DATASET RECORDS:
--*--

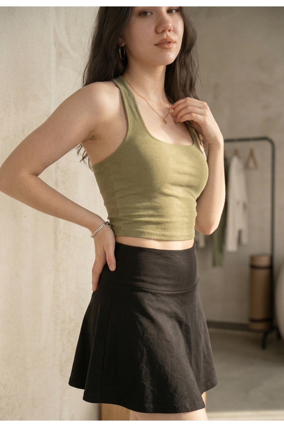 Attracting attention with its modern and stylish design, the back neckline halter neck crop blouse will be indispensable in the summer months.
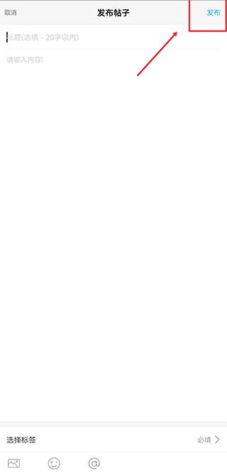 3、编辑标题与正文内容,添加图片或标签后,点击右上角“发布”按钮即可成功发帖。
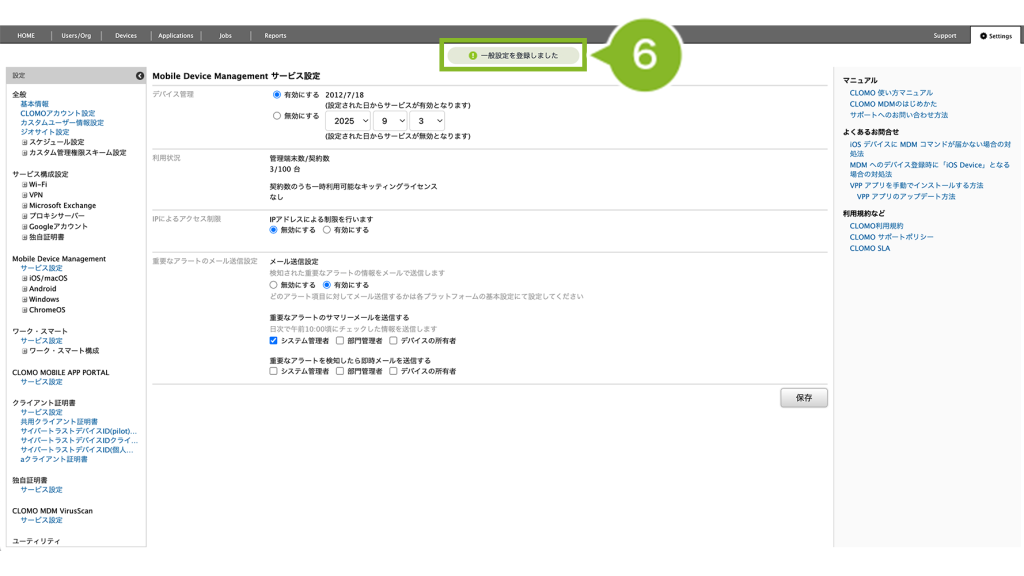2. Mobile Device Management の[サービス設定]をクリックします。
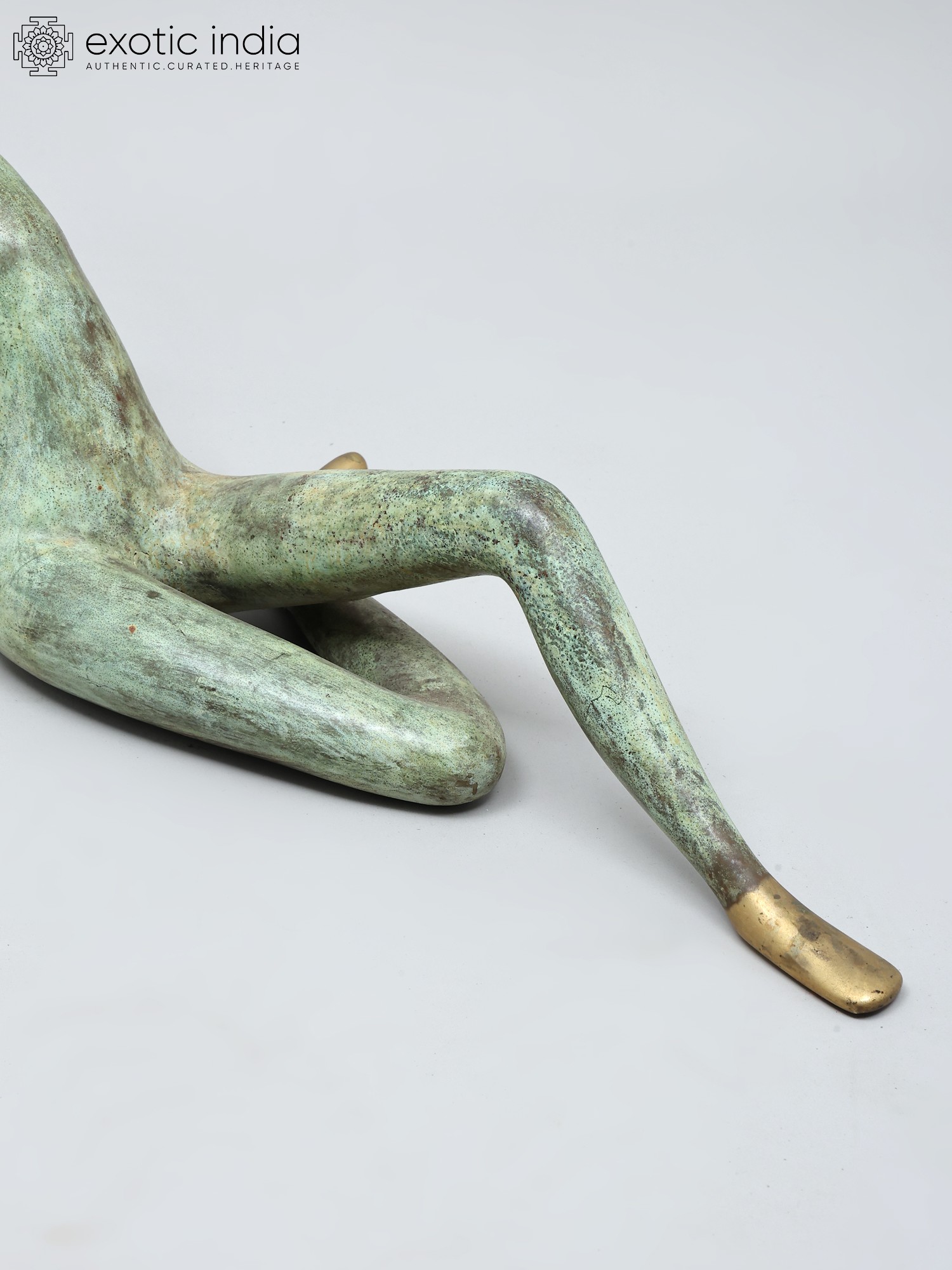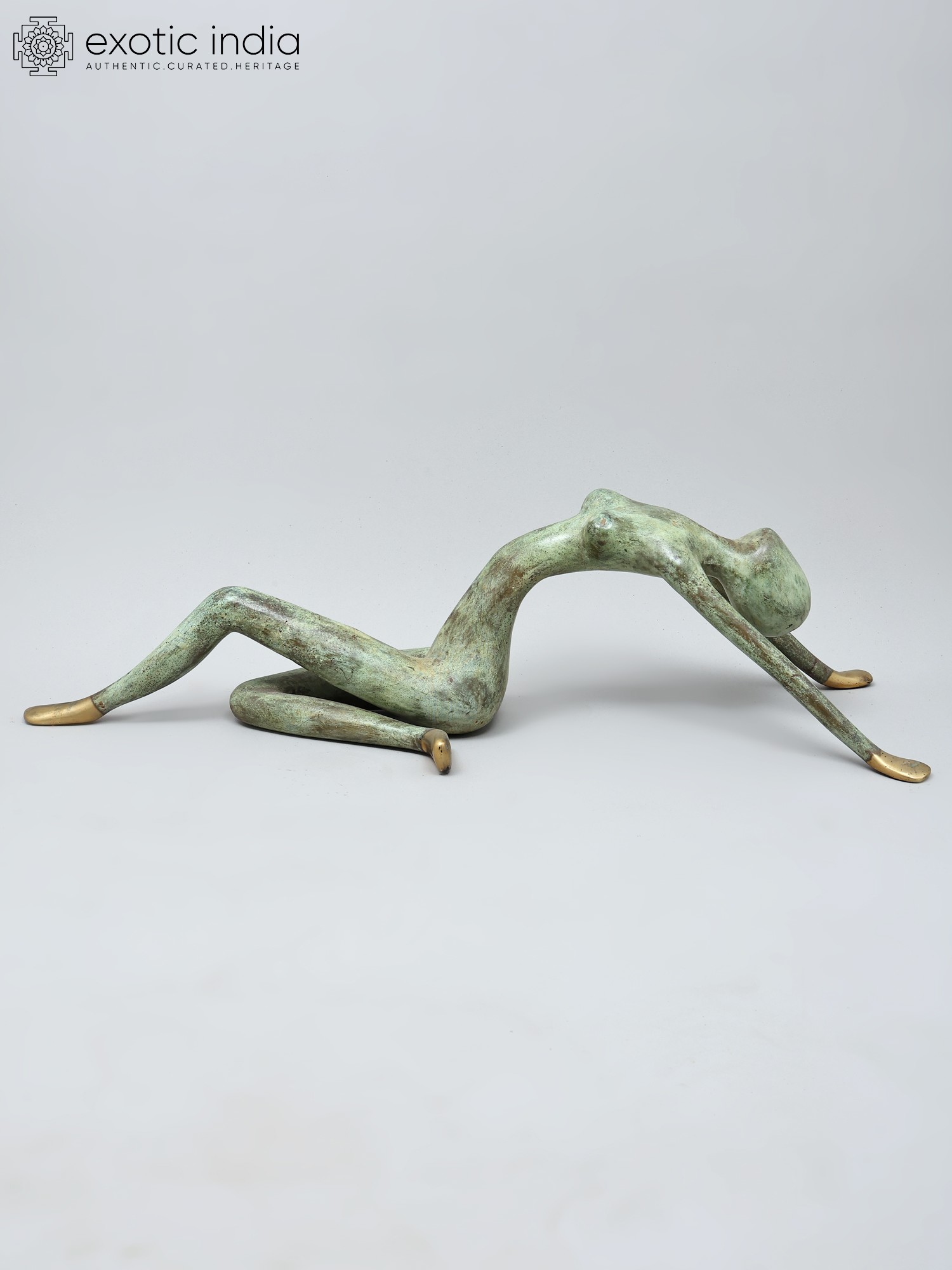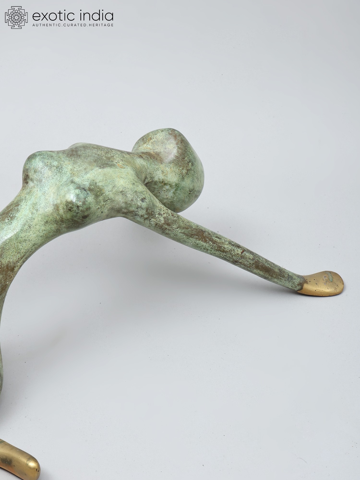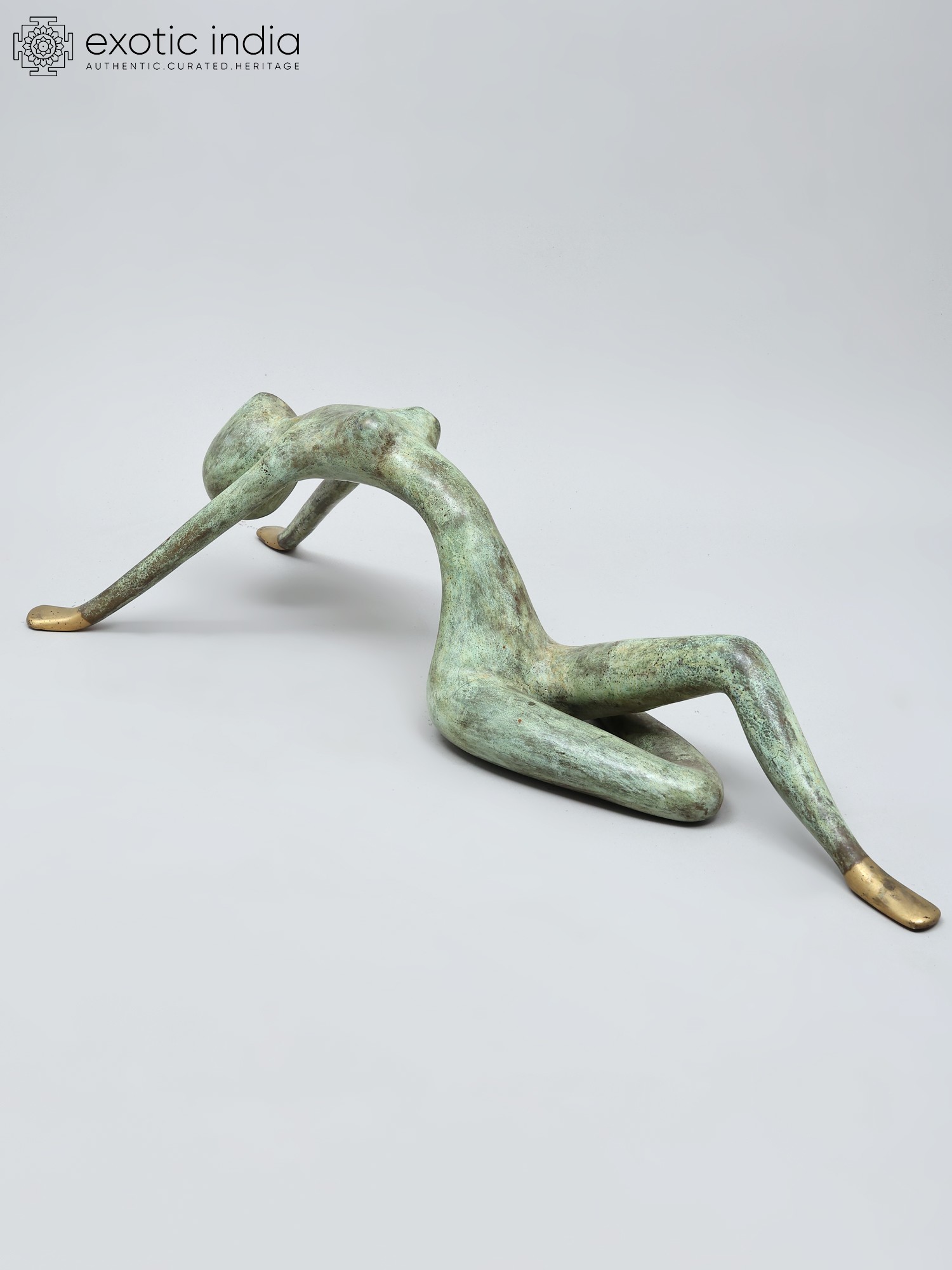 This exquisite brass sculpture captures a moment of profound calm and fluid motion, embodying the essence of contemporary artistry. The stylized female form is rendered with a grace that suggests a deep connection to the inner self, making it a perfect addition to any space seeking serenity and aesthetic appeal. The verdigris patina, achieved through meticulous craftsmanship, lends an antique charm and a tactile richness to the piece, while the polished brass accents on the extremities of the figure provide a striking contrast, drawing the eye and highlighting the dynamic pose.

--*--

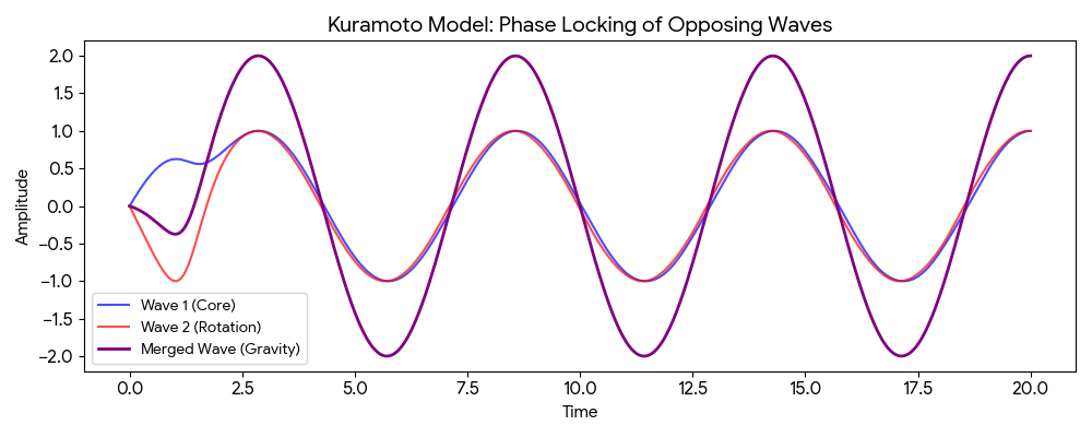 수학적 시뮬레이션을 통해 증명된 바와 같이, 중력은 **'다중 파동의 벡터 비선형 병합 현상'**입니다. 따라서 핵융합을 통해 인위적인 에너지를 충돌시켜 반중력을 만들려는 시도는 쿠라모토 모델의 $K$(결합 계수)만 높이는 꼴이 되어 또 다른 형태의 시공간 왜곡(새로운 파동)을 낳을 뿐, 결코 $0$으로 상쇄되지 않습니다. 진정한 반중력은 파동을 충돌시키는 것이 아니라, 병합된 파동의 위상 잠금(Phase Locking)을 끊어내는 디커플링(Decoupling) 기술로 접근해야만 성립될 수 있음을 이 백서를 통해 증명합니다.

--*--

WORK ORDER: From the line with "Attracting attention with" up to and including the line with "2. Mobile Device" above, retype every line exactly and nothing more; leave out the pictures.

TASK SOLUTION:
 Attracting attention with its modern and stylish design, the back neckline halter neck crop blouse will be indispensable in the summer months.
 3、编辑标题与正文内容,添加图片或标签后,点击右上角“发布”按钮即可成功发帖。
2. Mobile Device Management の[サービス設定]をクリックします。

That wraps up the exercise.